HI @stef-ladefense - thanks for opening this issue!

The Problem

The challenge we have with flipping the display is that the "colon" is hardwired to be set by the 2nd digit in "non-flip" orientation. The same happens for "decimal" displays where the digit to the left of the decimal is what sets that dot. For example:

Non-Flip Display
0. 1. 2. 3. (index for digit)
[0] [1:] [2] [3] - The colon is set by the "1" (index 1) - which would be your _mins setting.

Flip Display Over
0. 1. 2. 3. (flip index)
[3] [2] [:1] [0] - The colon is still set by the "1" (index 2) - which would now be your _secs setting in this orientation.
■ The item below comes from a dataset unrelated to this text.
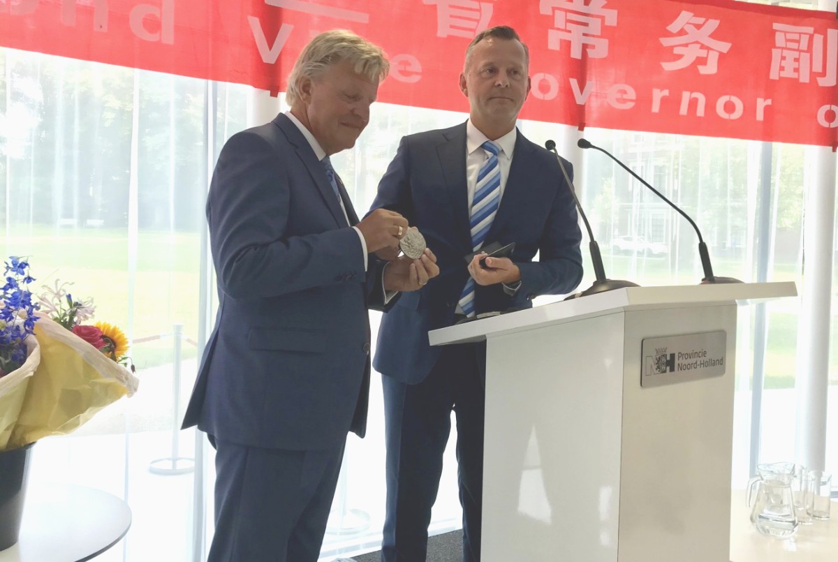 Ex-gedeputeerde Jaap Bond heeft de zilveren provinciepenning ontvangen. Bij zijn afscheid gisteren kreeg de Volendammer de onderscheiding uit handen van Commissaris van de Koning Arthur van Dijk.

The flip code in the library knows that the colon moves and shifts the setting, but it can only set values in the range of digits you give it (for minutes, you are telling it to limit the change to only length=2 spaces - digits index 0 and 1). If we go outside the length value, we would need to know the value in index 2 (my example = "1") to be able to toggle the colon bit.

The Fix?

The function that drives the setting of the segments and dots is TM1637TinyDisplay::setSegments() - If you have any suggestions on how we could adjust it to handle this situation, I would love help.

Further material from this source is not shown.